Fukuyama's academic mentor, the political scientist Samuel Huntington, provided a few years later a gloomier account that saw a very different world. Huntington predicted that violence resulting from international anarchy and the absence of common values and institutions would erupt among civilizations rather than among states or ideologies. But Huntington's conception of what constitutes a civilization was hazy. He failed to take into account sufficiently conflicts within each so-called civilization, and he overestimated the importance of religion in the behavior of non-Western elites, who are often secularized and Westernized. Hence he could not clearly define the link between a civilization and the foreign policies of its member states.

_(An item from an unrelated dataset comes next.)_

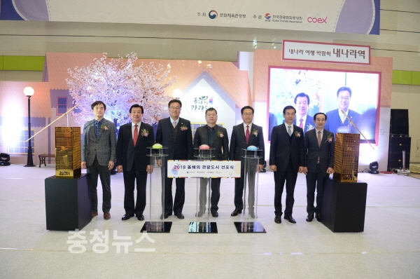 충남 공주시(시장 오시덕)가 2일 서울 코엑스에서 열린 내나라 여행 박람회장에서 인천 강화군과 함께 ‘2018 올해의 관광도시’로 선포했다고 밝혔다.

Other, less sensational models still have adherents. The "realist" orthodoxy insists that nothing has changed in international relations since Thucydides and Machiavelli: a state's military and economic power determines its fate; interdependence and international institutions are secondary and fragile phenomena; and states' objectives are imposed by the threats to their survival or security. Such is the world described by Henry Kissinger. Unfortunately, this venerable model has trouble integrating change, especially globalization and the rise of nonstate actors. Moreover, it overlooks the need for international cooperation that results from such new threats as the proliferation of weapons of mass destruction (WMD). And it ignores what the scholar Raymond Aron called the "germ of a universal consciousness": the liberal, promarket norms that developed states have come to hold in common.
Taking Aron's point, many scholars today interpret the world in terms of a triumphant globalization that submerges borders through new means of information and communication. In this universe, a state choosing to stay closed invariably faces decline and growing discontent among its subjects, who are eager for material progress. But if it opens up, it must accept a reduced role that is mainly limited to social protection, physical protection against aggression or civil war, and maintaining national identity. The champion of this epic without heroes is The New York Times columnist Thomas Friedman. He contrasts barriers with open vistas, obsolescence with modernity, state control with free markets. He sees in globalization the light of dawn, the "golden straitjacket" that will force contentious publics to understand that the logic of globalization is that of peace (since war would interrupt globalization and therefore progress) and democracy (because new technologies increase individual autonomy and encourage initiative).
BACK TO REALITY
These models come up hard against three realities. First, rivalries among great powers (and the capacity of smaller states to exploit such tensions) have most certainly not disappeared. For a while now, however, the existence of nuclear weapons has produced a certain degree of prudence among the powers that have them. The risk of destruction that these weapons hold has moderated the game and turned nuclear arms into instruments of last resort. But the game could heat up as more states seek other WMD as a way of narrowing the gap between the nuclear club and the other powers. The sale of such weapons thus becomes a hugely contentious issue, and efforts to slow down the spread of all WMD, especially to dangerous "rogue" states, can paradoxically become new causes of violence.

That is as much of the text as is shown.